Entre os projetos dos editais 18, 19 e 20/2024 encaminhados para a FAPESC que não foram admitidos para fomento estão títulos como: “Subjetividade Pornô: do capitalismo disciplinar a era farmacopornográfica”; “Morrer de Prazer, morrer por amor, matar de prazer, matar por amor, prazer e morte em A Volúpia do Pecado, Copacabana Posto 6 e a Noite tem mais luzes, de Cassandra Rios”; e “Defensorias Públicas na América Latina: O caso da Defensoria LGBT em Buenos Aires”.
As propostas rejeitadas não só não tinham correlação com os ecossistemas de tecnologia e inovação de Santa Catarina como, em muitos casos, nem ao menos uma relação com o próprio estado catarinense.
Os Programas de Pós-Graduação das instituições poderão substituir os projetos não admitidos até janeiro de 2025. A FAPESC reafirma seu compromisso com o apoio à ciência e inovação, sempre mantendo o diálogo aberto com a comunidade acadêmica e os demais interessados.
Relevante destacar o número atualizado de 1020 bolsistas (outubro de 2024) nesses programas de Pós-Graduação em diversas áreas do conhecimento, alinhadas com a Política Catarinense de CT&I.
A equipe da FAPESC permanece à disposição para quaisquer esclarecimentos.
Apesar de se dizer à disposição para quaisquer esclarecimentos, a assessoria de comunicação não respondeu quais critérios o comitê permanente de acompanhamento utilizou para definir quais bolsas seriam proibidas, mas informou que este comitê é formado pela presidência, diretores e gerentes (a partir de cada edital).
3 - De olho neles
Jovem Pan mais rica - A Jovem Pan recebeu uma bolada de R$ 286 mil dos cofres públicos de Santa Catarina. Os mesmos que rejeitam bolsas por critérios ideológicos alegando que não cumprem interesses regionais investem em mídia num veículo que também não compreende a região. Coincidentemente (ou não) os valores foram pagos menos de três meses depois de o governador Jorginho Mello dar uma entrevista ao programa Pânico , do grupo.

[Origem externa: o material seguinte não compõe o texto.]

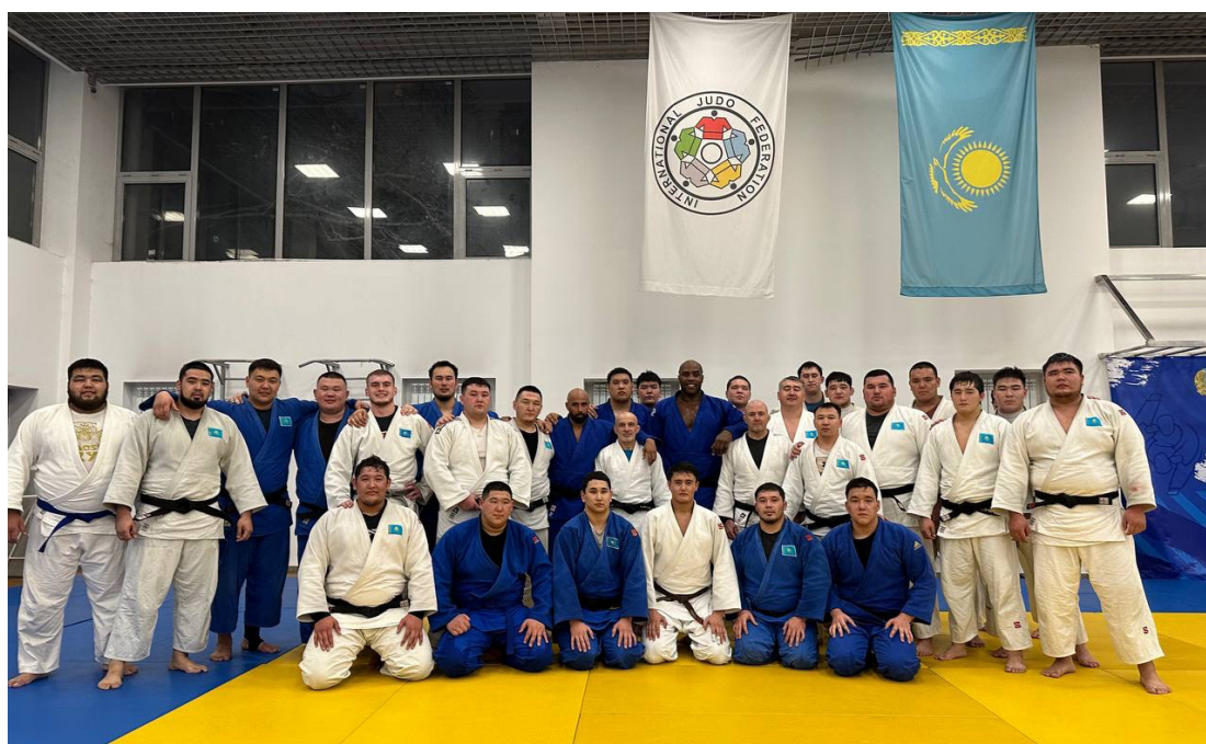
Рисунок 3 – Участники тренировочного лагеря (2023 г., г. Алматы)

В 2023 году на базе Академии дзюдо в г. Алматы был проведен тренировочный лагерь с участием самого титулованного дзюдоиста в истории Тедди Ринера (Франция), в котором приняли участие спортсмены национальных сборных и тренеры. Совместные тренировки позволили нашим спортсменам перенять не только технико-тактическое мастерство, но и профессиональное отношение к тренировочной и соревновательной деятельности. Все мероприятия, проведенные в рамках тренировочного лагеря, внесли существенный вклад в популяризацию дзюдо (рисунок 2).

Não foi - O governador Jorginho Mello viajou para São Paulo para dar entrevista a Jovem Pan, mas não foi capaz de participar de uma reunião sobre segurança pública entre o presidente Lula e os governadores dos estados. Ele e Romeu Zema, de Minas Gerais, foram as únicas ausências do encontro.
4 - Craque do jogo
Evandro Leitão - O prefeito eleito do Ceará venceu uma batalha dura mesmo terminando o primeiro turno em segundo lugar. O único petista a sair vitorioso nas capitais neste segundo turno derrotou o bolsonarista André Fernandes em disputa acirrada. André Fernandes foi expostos na Internet nas últimas semanas com seus discursos machistas e misóginos, desdenhando inclusive da violência contra as mulheres e do feminicídio.
5 - Considerações afinais
Divulguei no meu twitter e no Instagram uma denúncia sobre determinação do Hospital Florianópolis quanto ao uso dos banheiros da emergência. Durante a semana, os banheiros foram trancados com chave e a orientação era para que os servidores não aceitassem que pessoas em situação de rua acessassem o local. A determinação mudou, mas é necessário que assuntos como estes sejam tratados com seriedade.
E como aquilo que é público merece ser visto e compartilhado, deixo como despedida o meu convite a vocês para participarem da Semana de Pesquisa, Extensão e Inovação da UFSC, quando a universidade fica mais aberta e cheia de programações para todo mundo. Bora lá?
Vou nessa, gente! Fiquem muito bem e até já já.